100% remote People first culture Excellent compensation in US Dollars Hardware setup for working from home Work with global teams and prominent brands based in North America, Europe, and Asia Training allowances Personal time off (PTO) for vacations, study leave, personal time, etc. ...and more! At Launchpad, we genuinely care about our people as individuals. If you are looking for a team that values growth, drive, and passion for your craft, if you’re seeking a place to achieve your goals and dreams with fairness and integrity, then you are the future of Launchpad. Launchpad is committed to fostering a diverse and representative workforce and an inclusive work environment where all employees are respected and treated equally. Are you ready to elevate your career at Launchpad?

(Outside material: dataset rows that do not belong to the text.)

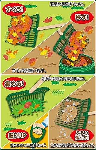 ●落ち葉や刈草すくいに。●すくってそのまま容器などに移せます。●刈草や菜園の収穫物集めに。●土や小石のふるい落しに。●握りやすいグリップ。●用途:すくう、移す、集める、ふるい落とす等のガーデン作業●全長:約1200mm●重量:約890g●頭部幅:約380mm●注意:葉や草以外のすくい作業には使用しないでください。破損の原因になります。重い土や重い小石のふるい作業には使用しないでください。テコには使用しないでください。破損の原因になります。使用後は汚れを取り除き、紫外線や雨風のあたらない屋内に保管してください。●ABS樹脂、ポリプロピレン、鉄(ポリエチレンコーティング)●製品サイズ:長さ1200×高さ195×幅380、重量892g
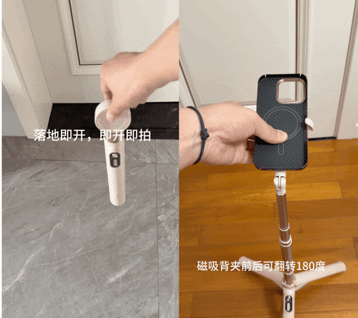 ▲落地就能弹开,操作方便,可以磁吸、可以夹很牢固
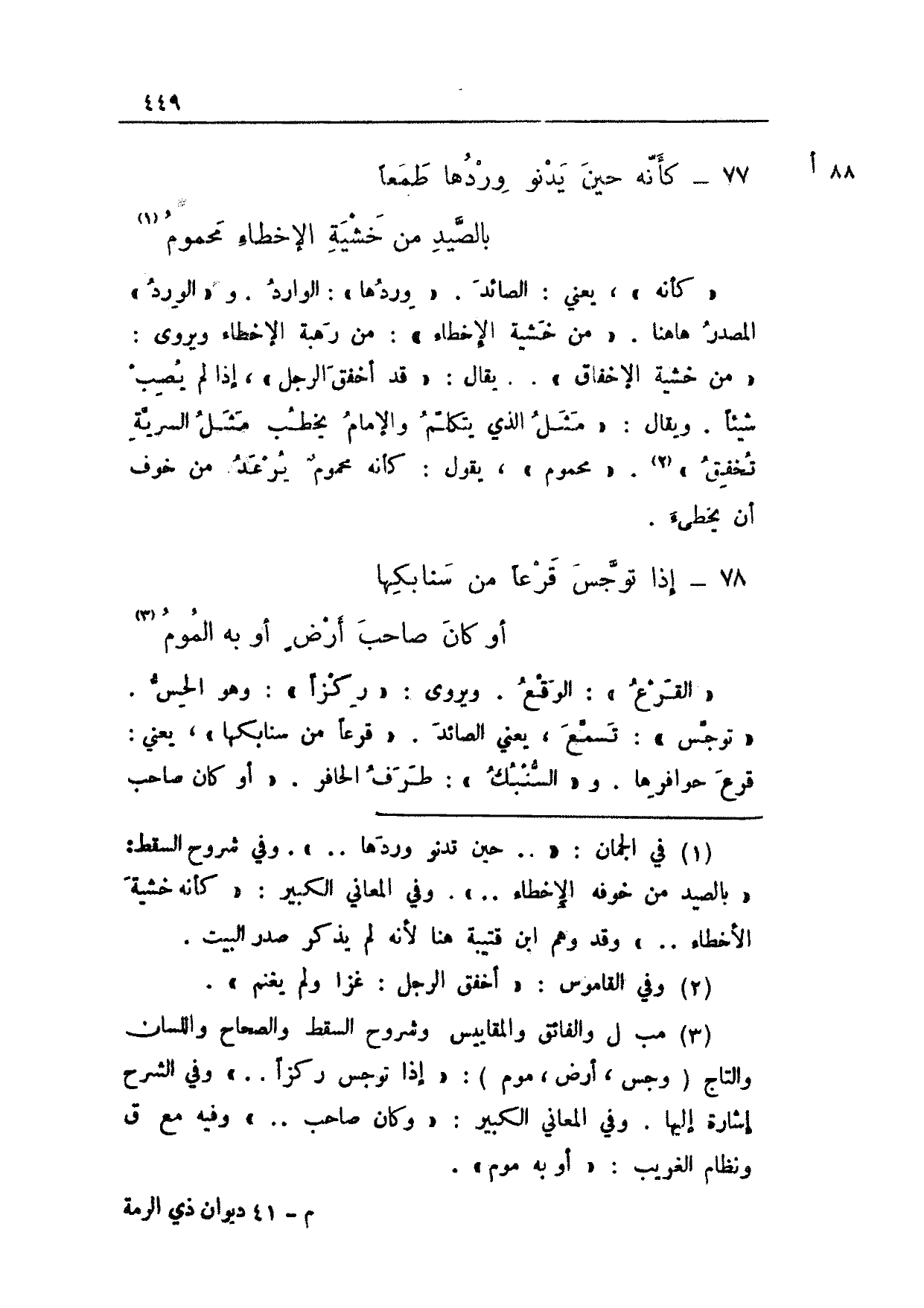 88 أ 77 - كأنه حين يدنو وردها طمعاً ... بالصيد من خشية الإخطاء محموم
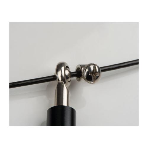Professional skipping rope with ball bearings for fast rotations, individually adjustable lenght, and high-quality stainless steel handles.
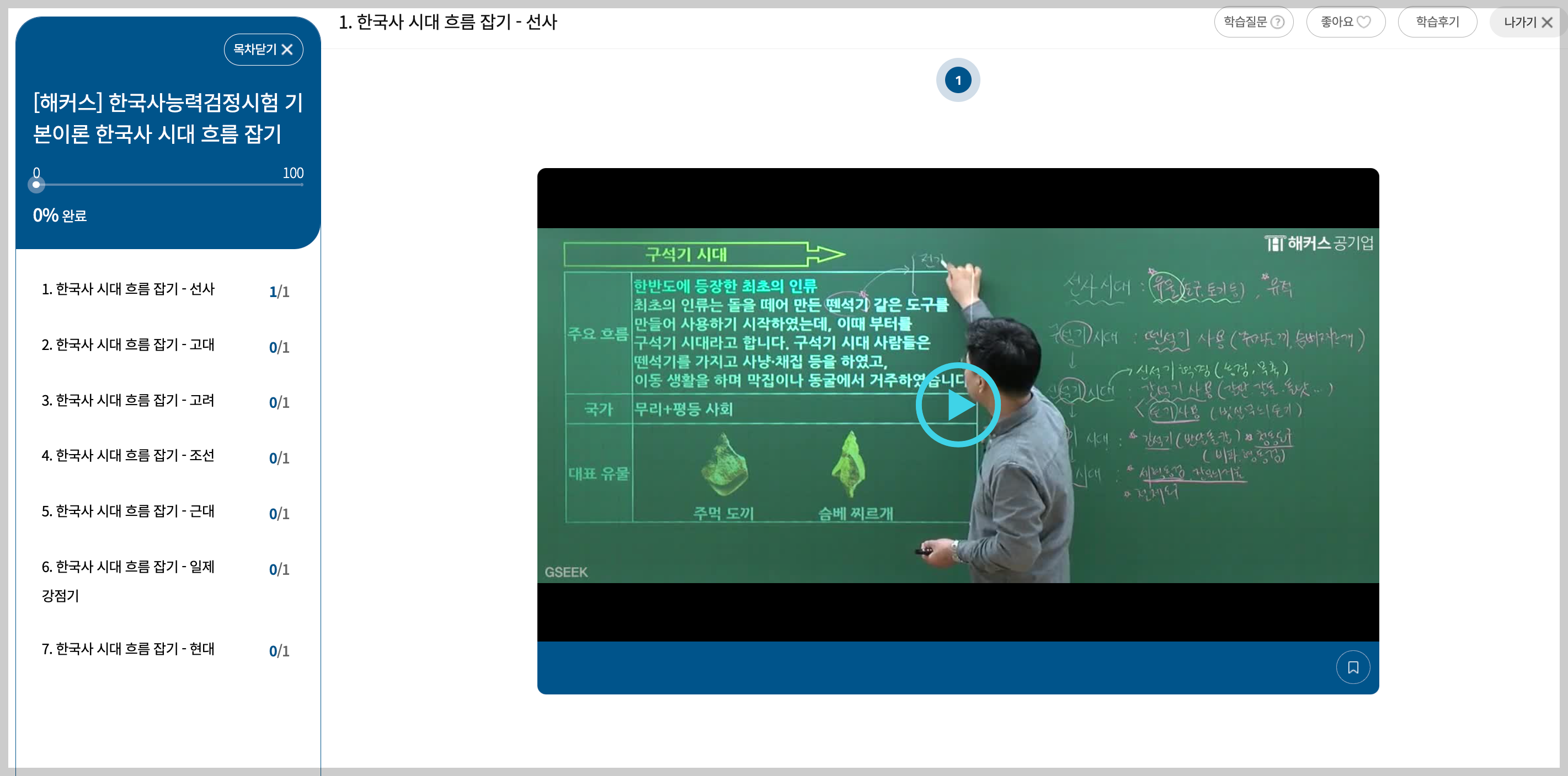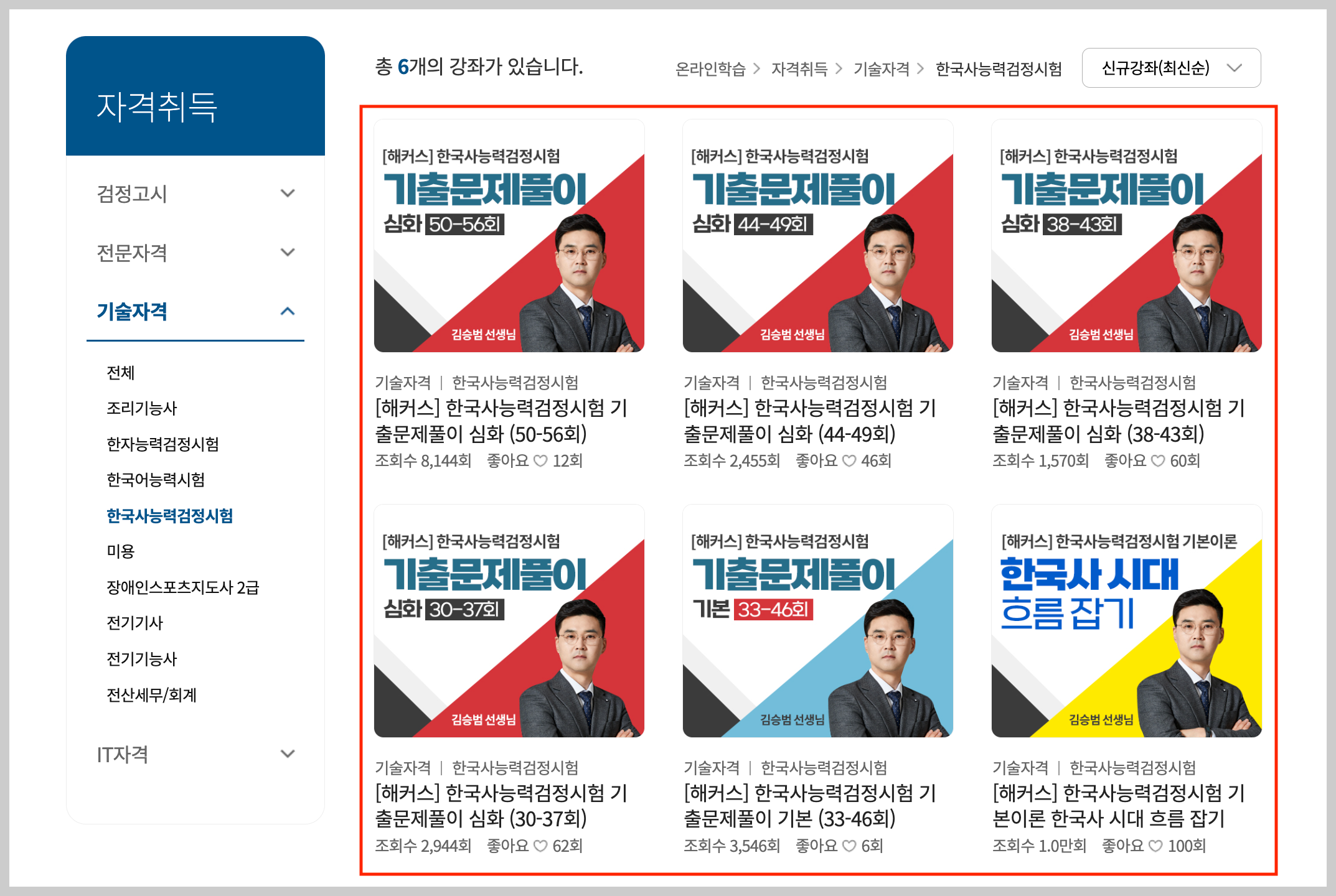 ▼ 아래와 같이 한국사능력검정시험에 관련 된 6개의 강의를 무료로 들을 수 있다.
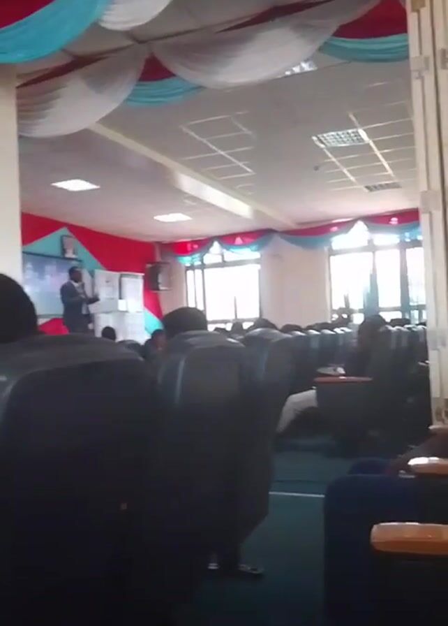 lecture hall filled with rows of black, cushioned chairs occupied by people. A man stands in front of the room, likely giving a presentation. The hall is decorated with red, white, and light blue draping fabric across the ceiling. There are windows on the right side of the room. A few people are standing by the entrance. The floor is covered with a blue carpet. The lighting appears to be standard fluorescent.
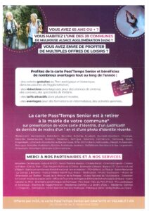 Retirez votre Carte Pass’Temps Senior offerte par m2A, dans la mairie de votre commune.

We want to hear your story! Contact us today.  

What does Reliability Engineer do?

A Reliability Engineer is a professional who is responsible for ensuring the reliability and availability of systems and equipment in an organization

They use their knowledge of engineering principles, statistical analysis, and data science to identify and mitigate risks, prevent failures, and optimize system performance

Here are some of the typical tasks and responsibilities of a Reliability Engineer:

  1. Analyze data and perform statistical modeling: Reliability Engineers analyze data related to equipment performance, failure rates, and maintenance history to identify trends and patterns. They use statistical modeling to predict future failures and plan maintenance activities accordingly.
  2. Develop and implement reliability strategies: Reliability Engineers develop and implement strategies to improve the reliability and availability of equipment and systems. This may include performing root cause analysis, implementing preventive maintenance programs, and conducting failure mode and effects analysis (FMEA).
  3. Collaborate with other teams: Reliability Engineers collaborate with other teams such as operations, maintenance, and engineering to identify and address reliability issues. They may also work with suppliers to ensure the reliability of equipment and materials.
  4. Monitor and evaluate performance: Reliability Engineers monitor the performance of systems and equipment to identify areas for improvement. They use data to evaluate the effectiveness of reliability strategies and make adjustments as necessary.
  5. Provide technical support: Reliability Engineers provide technical support to other teams and stakeholders, answering questions and providing guidance on reliability-related issues.
  6. Continuously improve processes: Reliability Engineers are responsible for continuously improving reliability processes and methodologies. They stay up-to-date with the latest technologies and best practices in the field and identify opportunities for improvement.